The other MOABD doctors are Charanjeev Kapoor, Joseph McLaughlin, Mohammad Pazooki, Joel Silver and Joseph Sinning. The practice’s staff includes more than 20 oncology-certified nurses.

Regional Cancer Care Associates is looking to further expand in Connecticut, and plans to have alliance talks with additional private oncology practices in the state, RCCA spokesman Bryan Soltes said.

Network benefits

MOABD will be able to remain autonomous while reaping the benefits of a larger network, Soltes noted.

“There are not that many private oncology practices left in Connecticut,” he said. “RCCA provides private practices with the opportunity to remain private and not become employed by large healthcare systems.”

RCCA Chairman Dr. Edward Licitra said his network’s new footing in Connecticut follows a successful expansion into Maryland and Washington, D.C. in 2015. RCCA has 30 offices, more than 100 oncologists and more than 100 registered nurses under its umbrella.

“We look forward to working with our Connecticut colleagues to further extend that record of outstanding patient care delivered in the community setting,” Licitra said.

Plugging into a larger network is increasingly seen as a necessity for doctors interested in the latest treatments and research. RCCA has access to more than 300 research clinical trials, according to its website.

MOABD, meanwhile, treats 1,200 new cancer patients per year and has 50 treatment chairs, according to the Maryland-based Association of Community Cancer Centers.

There will be 21,900 new cancer cases in Connecticut this year, along with 6,610 deaths from cancer, according to American Cancer Society estimates. Connecticut is among the leading cancer prevention states in the U.S., although a 13.5 percent adult smoking rate ranks the state next to last nationally in that category.

Mergers and alliances

MOABD’s new affiliation follows a flurry of hospital mergers and alliances.

Manchester Memorial and Rockville General are both owned by Eastern Connecticut Health Network Inc., which was bought by California-based Prospect Medical Holdings Inc. last year. In 2015, St.

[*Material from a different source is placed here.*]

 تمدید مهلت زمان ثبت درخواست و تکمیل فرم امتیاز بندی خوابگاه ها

Francis became part of Trinity Health New England, which stems from the Michigan-based Trinity Health network of Roman Catholic health centers that includes St. Mary’s in Waterbury.

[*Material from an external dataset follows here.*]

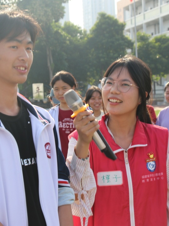 同期,福师大研究生团队带领三百名高三学生开展《“毅”路生花,心向未来》团体辅导活动。活动开始,在“携手出发,目标引航——正反口令”破冰环节中,指令声如灵动的音符骤然响起,同学们需迅速做出与指令相反的动作。现场充满此起彼伏的欢笑声,有人因反应不及手忙脚乱,有人因同伴的滑稽动作忍俊不禁,在快速反应与互动中,陌生与拘谨的坚冰悄然消融。

St. Francis spokeswoman Fiona Phelan characterized MOABD’s partnership with RCCA as a decision by private practice doctors that has “nothing to do with the hospital.”

St. Francis and Yale-New Haven Hospital, which is Connecticut’s largest hospital, began a collaboration on cancer and oncology in 2015. The result is a branch of Yale-New Haven’s Smilow Cancer Hospital at St. Francis, to serve Hartford-area patients.

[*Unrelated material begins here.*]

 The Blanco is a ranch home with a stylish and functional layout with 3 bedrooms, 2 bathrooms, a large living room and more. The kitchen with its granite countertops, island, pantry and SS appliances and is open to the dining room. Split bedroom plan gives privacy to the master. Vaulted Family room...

Boston-based Dana-Farber Cancer Institute, one of the most nationally recognized names in cancer care, had partnered on a center in Waterford with New London-based Lawrence & Memorial Hospital, but their affiliation ended after three years when L&M choose to become part of Yale-New Haven’s health network.

Linking with bigger operations amid a changing regulatory environment, however, has left some doctors and hospital administrators dissatisfied.

The Connecticut Hospital Association continues to challenge the state’s so-called hospital tax, saying it hurts members’ ability to care for patients. Meanwhile, St. Mary’s Hospital CEO Chad Wable last week told a Waterbury Regional Chamber audience that Connecticut is the worst state in which to run a hospital, according to a story in the Republican-American newspaper.